◆ INFORMATION:
· · ·

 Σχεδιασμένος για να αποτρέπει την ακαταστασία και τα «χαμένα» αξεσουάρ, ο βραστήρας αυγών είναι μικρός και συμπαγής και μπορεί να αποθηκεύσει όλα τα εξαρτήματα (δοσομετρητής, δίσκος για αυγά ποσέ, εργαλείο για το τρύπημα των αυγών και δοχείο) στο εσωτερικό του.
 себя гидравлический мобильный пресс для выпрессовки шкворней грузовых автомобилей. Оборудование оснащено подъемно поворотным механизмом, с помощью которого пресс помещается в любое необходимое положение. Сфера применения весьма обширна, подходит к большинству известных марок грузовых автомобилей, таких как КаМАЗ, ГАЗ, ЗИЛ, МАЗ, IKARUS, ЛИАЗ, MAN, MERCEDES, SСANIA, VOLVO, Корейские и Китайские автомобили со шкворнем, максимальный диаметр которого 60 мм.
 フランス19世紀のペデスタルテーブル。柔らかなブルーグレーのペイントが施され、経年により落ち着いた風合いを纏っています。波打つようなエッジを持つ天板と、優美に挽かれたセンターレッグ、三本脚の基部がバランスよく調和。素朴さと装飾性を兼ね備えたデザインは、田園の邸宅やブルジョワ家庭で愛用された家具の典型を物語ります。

· · ·

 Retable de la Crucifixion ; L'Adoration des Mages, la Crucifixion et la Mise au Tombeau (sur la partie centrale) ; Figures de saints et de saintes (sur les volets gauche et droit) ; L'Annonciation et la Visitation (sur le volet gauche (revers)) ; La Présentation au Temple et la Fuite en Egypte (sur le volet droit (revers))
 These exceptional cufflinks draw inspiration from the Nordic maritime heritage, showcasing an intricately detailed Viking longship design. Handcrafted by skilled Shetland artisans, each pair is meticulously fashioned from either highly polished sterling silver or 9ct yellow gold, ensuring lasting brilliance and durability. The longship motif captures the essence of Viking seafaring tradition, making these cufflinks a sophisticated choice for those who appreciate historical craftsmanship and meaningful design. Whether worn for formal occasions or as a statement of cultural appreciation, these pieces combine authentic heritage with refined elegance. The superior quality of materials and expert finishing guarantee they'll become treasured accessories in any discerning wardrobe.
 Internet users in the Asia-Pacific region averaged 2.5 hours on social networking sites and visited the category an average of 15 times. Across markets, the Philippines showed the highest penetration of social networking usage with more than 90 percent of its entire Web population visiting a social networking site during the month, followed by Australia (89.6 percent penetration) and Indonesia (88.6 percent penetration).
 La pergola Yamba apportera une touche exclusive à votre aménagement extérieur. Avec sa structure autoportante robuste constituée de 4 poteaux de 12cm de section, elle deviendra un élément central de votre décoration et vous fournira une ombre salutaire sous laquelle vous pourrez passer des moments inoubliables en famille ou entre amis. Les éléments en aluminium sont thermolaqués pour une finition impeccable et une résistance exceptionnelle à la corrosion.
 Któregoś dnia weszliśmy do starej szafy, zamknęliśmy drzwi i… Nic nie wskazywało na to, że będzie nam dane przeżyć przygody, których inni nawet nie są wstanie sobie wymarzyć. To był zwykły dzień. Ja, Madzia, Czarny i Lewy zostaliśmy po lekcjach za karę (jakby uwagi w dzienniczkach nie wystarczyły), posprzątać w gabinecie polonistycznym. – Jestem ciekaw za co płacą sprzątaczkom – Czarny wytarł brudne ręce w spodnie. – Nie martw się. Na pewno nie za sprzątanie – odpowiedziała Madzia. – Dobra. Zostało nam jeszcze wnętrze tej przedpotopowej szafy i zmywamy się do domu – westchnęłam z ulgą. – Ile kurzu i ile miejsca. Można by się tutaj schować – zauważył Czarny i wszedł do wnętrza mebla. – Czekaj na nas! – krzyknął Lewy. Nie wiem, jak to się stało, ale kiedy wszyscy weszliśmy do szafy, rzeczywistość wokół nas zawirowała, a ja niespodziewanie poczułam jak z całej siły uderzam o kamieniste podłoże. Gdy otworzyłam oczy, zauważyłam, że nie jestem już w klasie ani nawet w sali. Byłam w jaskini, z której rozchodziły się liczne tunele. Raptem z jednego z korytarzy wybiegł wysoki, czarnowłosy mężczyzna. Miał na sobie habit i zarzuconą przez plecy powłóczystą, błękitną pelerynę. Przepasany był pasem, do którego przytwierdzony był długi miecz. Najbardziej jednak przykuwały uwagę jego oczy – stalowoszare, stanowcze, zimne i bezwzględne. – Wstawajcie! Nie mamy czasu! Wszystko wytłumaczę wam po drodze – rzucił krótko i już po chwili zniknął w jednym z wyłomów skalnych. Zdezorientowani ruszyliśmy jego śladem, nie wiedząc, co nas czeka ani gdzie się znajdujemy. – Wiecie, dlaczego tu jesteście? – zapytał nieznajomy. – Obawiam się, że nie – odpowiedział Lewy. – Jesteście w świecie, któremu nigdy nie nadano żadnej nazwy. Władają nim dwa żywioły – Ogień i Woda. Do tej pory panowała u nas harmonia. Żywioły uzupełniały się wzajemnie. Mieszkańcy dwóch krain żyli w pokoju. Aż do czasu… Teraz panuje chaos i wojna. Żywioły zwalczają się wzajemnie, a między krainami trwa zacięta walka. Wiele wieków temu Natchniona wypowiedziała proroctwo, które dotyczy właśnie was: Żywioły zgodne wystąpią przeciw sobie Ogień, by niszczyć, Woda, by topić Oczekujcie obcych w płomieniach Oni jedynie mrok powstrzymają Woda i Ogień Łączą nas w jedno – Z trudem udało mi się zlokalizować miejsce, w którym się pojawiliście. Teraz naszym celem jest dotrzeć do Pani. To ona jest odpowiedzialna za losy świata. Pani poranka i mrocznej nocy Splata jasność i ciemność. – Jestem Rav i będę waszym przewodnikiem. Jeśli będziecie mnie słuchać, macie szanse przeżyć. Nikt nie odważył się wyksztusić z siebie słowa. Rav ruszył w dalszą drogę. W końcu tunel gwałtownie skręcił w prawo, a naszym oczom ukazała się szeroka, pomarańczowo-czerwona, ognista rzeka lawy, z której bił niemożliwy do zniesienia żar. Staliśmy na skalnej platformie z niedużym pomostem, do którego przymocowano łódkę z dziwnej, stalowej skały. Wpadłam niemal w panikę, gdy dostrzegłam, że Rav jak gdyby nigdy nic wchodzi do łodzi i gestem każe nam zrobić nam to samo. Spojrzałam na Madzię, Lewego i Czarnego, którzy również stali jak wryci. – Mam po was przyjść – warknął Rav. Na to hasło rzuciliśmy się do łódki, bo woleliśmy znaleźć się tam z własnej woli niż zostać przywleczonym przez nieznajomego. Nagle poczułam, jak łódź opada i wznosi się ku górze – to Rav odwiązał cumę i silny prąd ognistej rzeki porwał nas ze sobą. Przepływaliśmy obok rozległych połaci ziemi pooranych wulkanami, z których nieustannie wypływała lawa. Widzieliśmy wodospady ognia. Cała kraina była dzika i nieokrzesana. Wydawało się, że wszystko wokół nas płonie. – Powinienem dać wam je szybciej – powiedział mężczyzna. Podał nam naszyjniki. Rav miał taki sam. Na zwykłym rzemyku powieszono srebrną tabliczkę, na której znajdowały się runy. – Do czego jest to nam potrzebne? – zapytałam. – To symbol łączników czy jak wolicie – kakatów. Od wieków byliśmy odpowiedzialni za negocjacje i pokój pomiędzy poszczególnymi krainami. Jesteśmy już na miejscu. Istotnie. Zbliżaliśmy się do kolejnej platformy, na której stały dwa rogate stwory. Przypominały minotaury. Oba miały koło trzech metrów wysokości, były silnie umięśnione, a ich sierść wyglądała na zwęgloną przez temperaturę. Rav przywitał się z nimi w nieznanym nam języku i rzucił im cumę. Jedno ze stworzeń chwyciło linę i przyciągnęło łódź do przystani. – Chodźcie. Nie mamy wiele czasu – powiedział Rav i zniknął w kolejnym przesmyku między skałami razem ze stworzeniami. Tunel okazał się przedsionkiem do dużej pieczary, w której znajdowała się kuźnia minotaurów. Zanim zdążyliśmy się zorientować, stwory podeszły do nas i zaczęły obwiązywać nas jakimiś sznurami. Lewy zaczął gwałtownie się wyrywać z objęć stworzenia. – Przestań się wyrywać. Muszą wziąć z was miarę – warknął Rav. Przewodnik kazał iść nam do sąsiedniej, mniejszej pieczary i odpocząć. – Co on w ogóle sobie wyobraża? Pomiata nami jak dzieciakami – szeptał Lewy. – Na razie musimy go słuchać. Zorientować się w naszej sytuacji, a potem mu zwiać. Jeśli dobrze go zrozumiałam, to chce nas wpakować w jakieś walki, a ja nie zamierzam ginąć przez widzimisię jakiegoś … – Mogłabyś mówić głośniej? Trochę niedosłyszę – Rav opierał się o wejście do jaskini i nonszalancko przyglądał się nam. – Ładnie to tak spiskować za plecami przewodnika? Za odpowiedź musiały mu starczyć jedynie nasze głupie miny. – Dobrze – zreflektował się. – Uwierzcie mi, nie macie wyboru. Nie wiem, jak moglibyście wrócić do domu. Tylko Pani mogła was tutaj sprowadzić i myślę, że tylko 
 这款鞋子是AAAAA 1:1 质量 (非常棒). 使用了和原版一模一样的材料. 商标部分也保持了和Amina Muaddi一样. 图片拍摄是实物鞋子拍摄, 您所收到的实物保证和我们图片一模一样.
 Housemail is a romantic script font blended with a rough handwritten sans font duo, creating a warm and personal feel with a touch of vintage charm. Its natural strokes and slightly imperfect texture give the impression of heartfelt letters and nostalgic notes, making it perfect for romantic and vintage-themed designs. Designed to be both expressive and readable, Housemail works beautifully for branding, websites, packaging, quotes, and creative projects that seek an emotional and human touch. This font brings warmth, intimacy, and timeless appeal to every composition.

· · ·

Across the whole listing above, find every line with the string "making" and copy it.

 These exceptional cufflinks draw inspiration from the Nordic maritime heritage, showcasing an intricately detailed Viking longship design. Handcrafted by skilled Shetland artisans, each pair is meticulously fashioned from either highly polished sterling silver or 9ct yellow gold, ensuring lasting brilliance and durability. The longship motif captures the essence of Viking seafaring tradition, making these cufflinks a sophisticated choice for those who appreciate historical craftsmanship and meaningful design. Whether worn for formal occasions or as a statement of cultural appreciation, these pieces combine authentic heritage with refined elegance. The superior quality of materials and expert finishing guarantee they'll become treasured accessories in any discerning wardrobe.
 Housemail is a romantic script font blended with a rough handwritten sans font duo, creating a warm and personal feel with a touch of vintage charm. Its natural strokes and slightly imperfect texture give the impression of heartfelt letters and nostalgic notes, making it perfect for romantic and vintage-themed designs. Designed to be both expressive and readable, Housemail works beautifully for branding, websites, packaging, quotes, and creative projects that seek an emotional and human touch. This font brings warmth, intimacy, and timeless appeal to every composition.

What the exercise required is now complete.